Susceptibility-weighted image shows extensive microhemorrhage (arrows) consistent with diffuse axonal injury—a brain injury in which damage in the form of extensive lesions in white matter tracts occurs over a widespread area—in a 25-year-old man with blast-related mild TBI. (Photo courtesy of Radiological Society of North America)

Susceptibility-weighted image shows extensive microhemorrhage (arrows) consistent with diffuse axonal injury—a brain injury in which damage in the form of extensive lesions in white matter tracts occurs over a widespread area—in a 25-year-old man with blast-related mild TBI. (Photo courtesy of Radiological Society of North America)

A recent MRI study suggests the presence of “brain scars” in a high percentage of active duty military personnel who experienced a mild traumatic brain injury (MTBI) on the battlefield.

In the study, which recently appeared online in the journal Radiology, Gerard Riedy, MD, PhD, from the National Intrepid Center of Excellence (NICoE) at the Walter Reed National Military Medical Center in Bethesda, Md, and others on his research team used MRI to study 834 military service members with MTBI related to blast injuries.

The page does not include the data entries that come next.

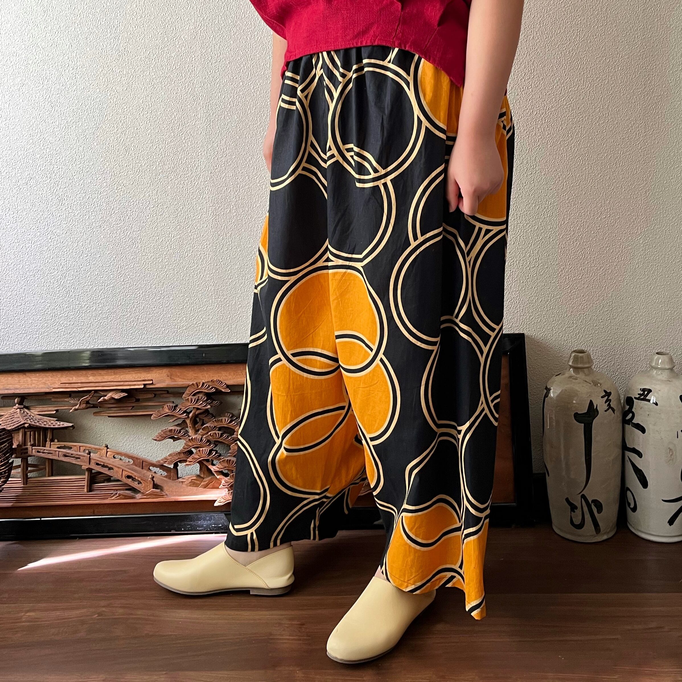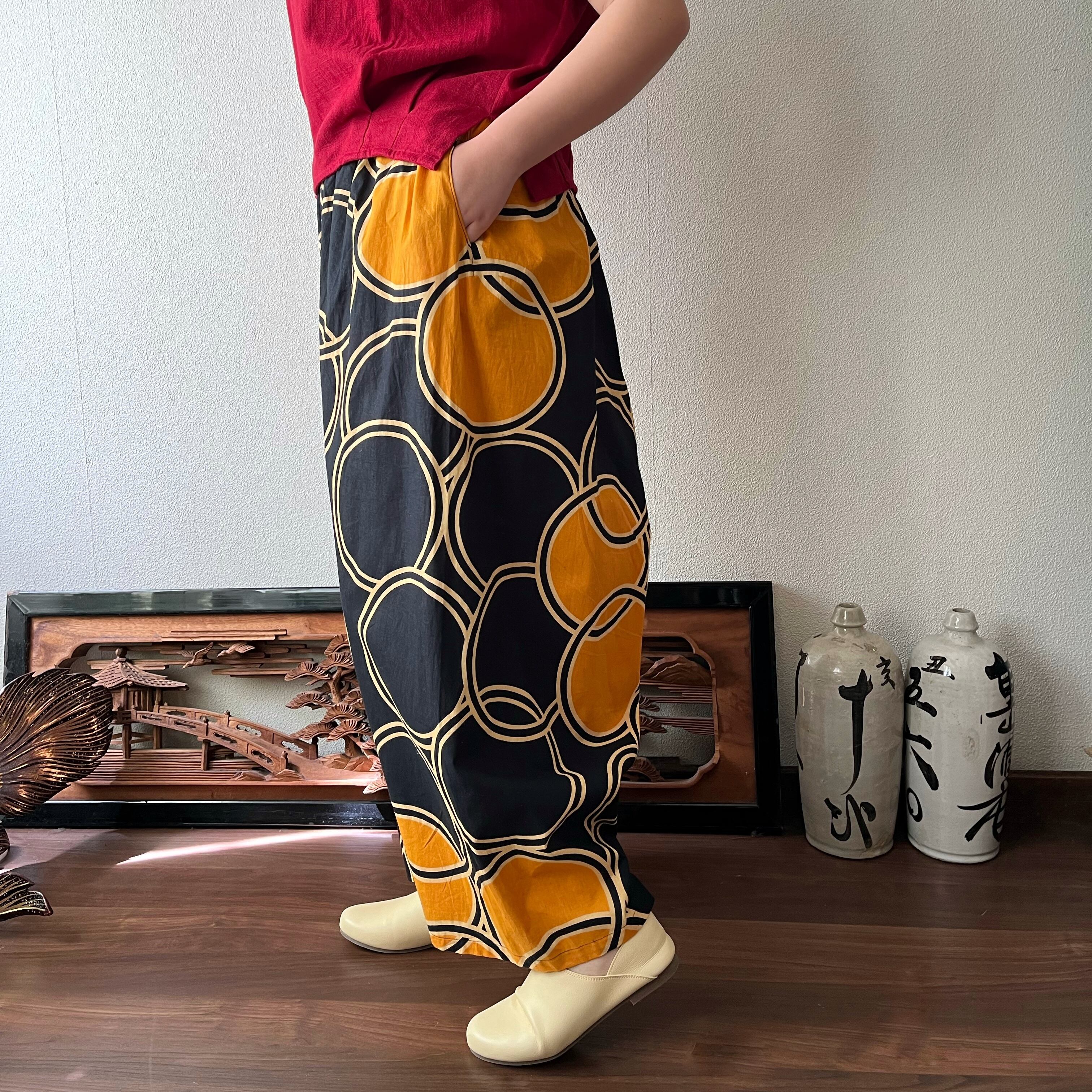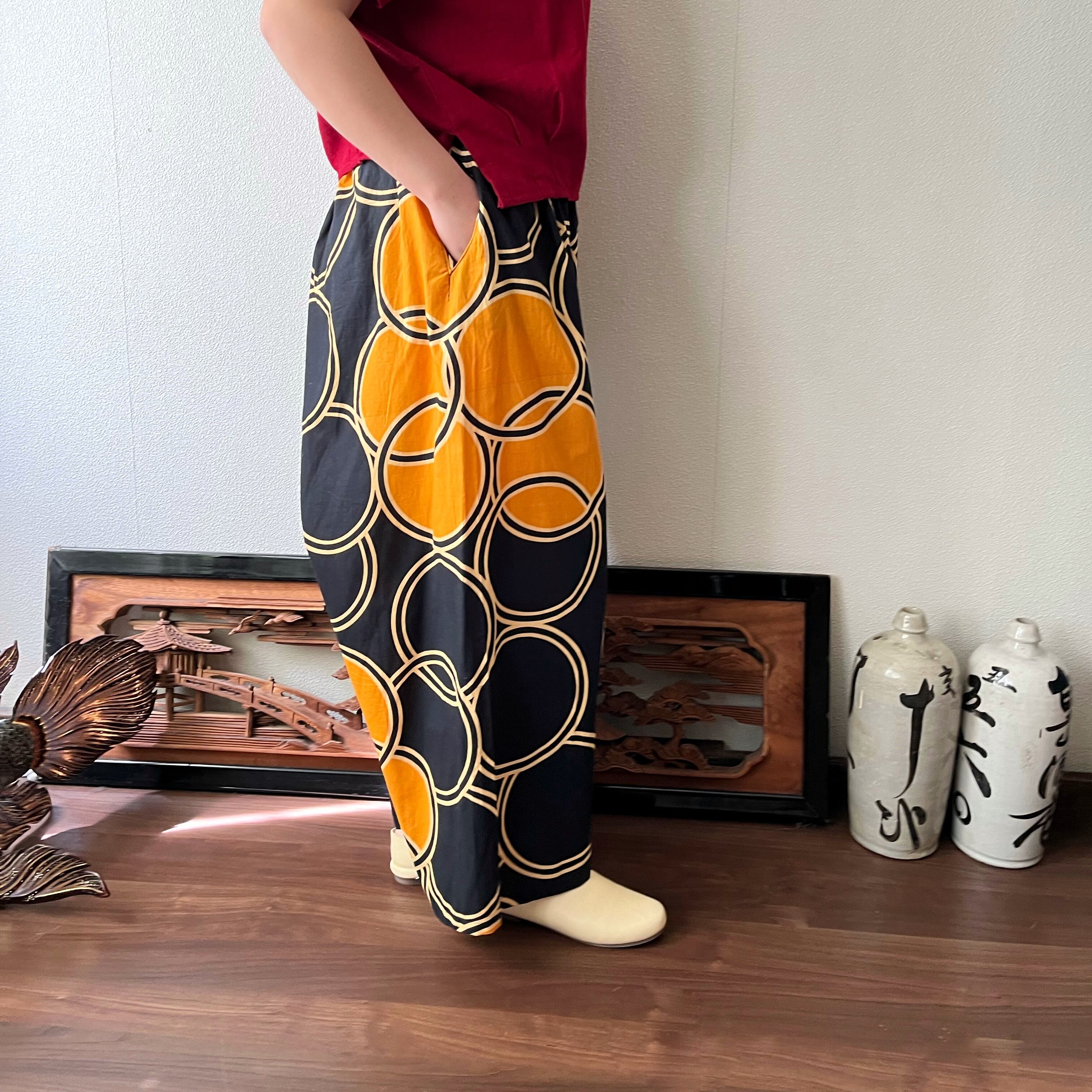 あくびちゃん?アラジン?アフリカンバティックパンツ 動きがよく出る素材だからシルエットが楽しい ドット柄黄色黒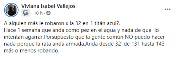 ¿"A alguien más le robaron x la 32 en una titán azul? Hace 1 semana que anda como pez en el agua y nada de que lo intentan agarrar. Porsupuesto que la gente común NO puede hacer nada porque la rata anda armada. Anda desde 32 ,de 131 hasta 143 más o menos robando", expresó en la publicación.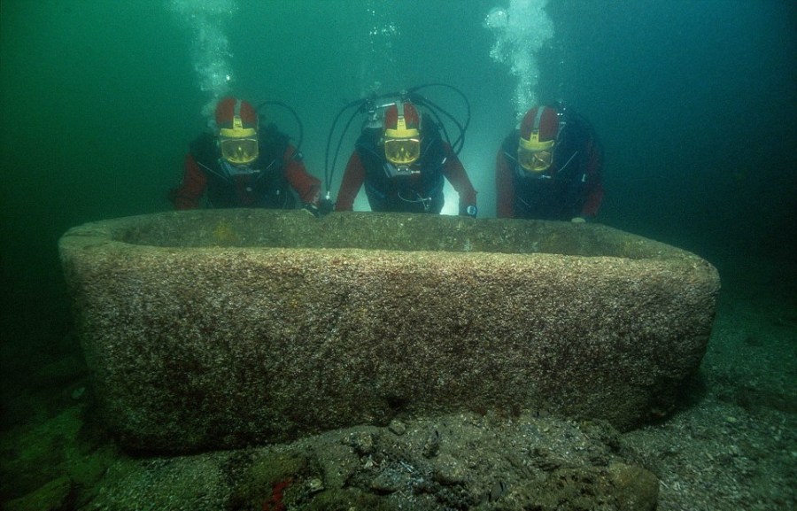 潜水员们在赫拉克利翁泥沙废墟中发现这个粉色花岗岩雕刻而成的花园大缸。(网页截图)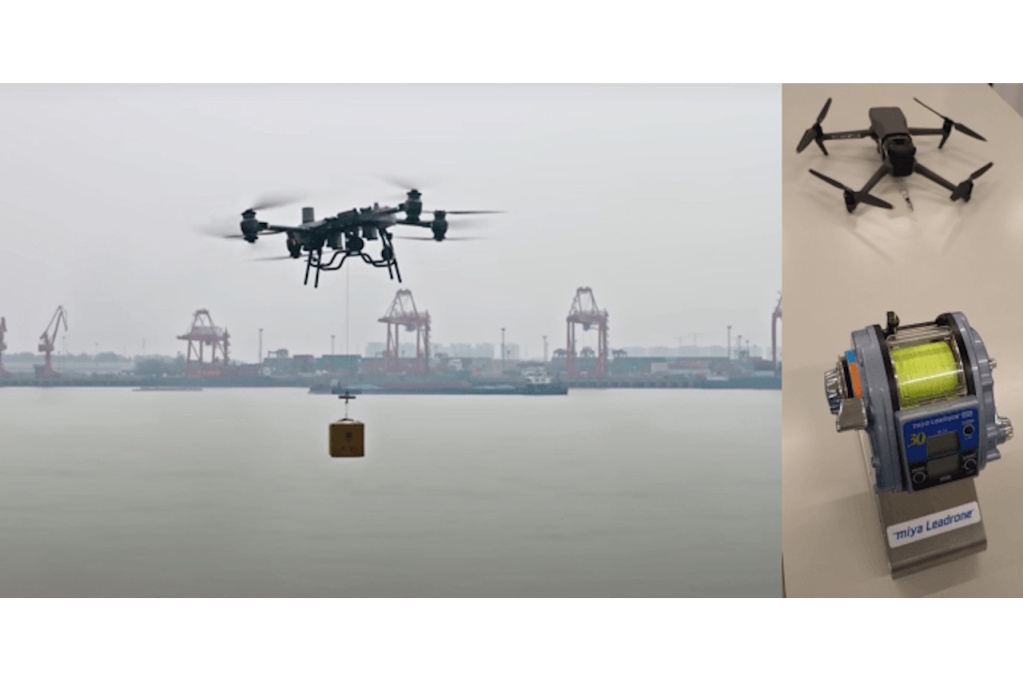 この体験会では、釣具用大型電動リールのトップメーカーである株式会社ミヤマエが開発したドローン係留装置「ミヤ・リードロン」を活用する。

Slightly more than 84% of the patients reported one or more blast-related incidents, and 63% reported loss of consciousness at the time of injury.

The MRI scans revealed the presence of white matter T2 hyperintensities, which can be thought of as brain scars, in 52% of the MTBI patients, explains a media release from the Radiological Society of North America.

“We were really surprised to see so much damage to the brain in the MTBI patients,”Riedy says in the release. “It’s expected that people with MTBI should have normal MRI results, yet more than 50% had these abnormalities.”

Pituitary abnormalities were identified in almost one-third of MTBI patients, the release continues.

Riedy notes in the release that these findings are just the tip of the iceberg. “We have several more papers coming up that build on these findings and look at brain function, brain wiring, connectivity and perfusion, or brain blood flow,” he says.

Source(s): Radiological Society of North America, EurekAlert]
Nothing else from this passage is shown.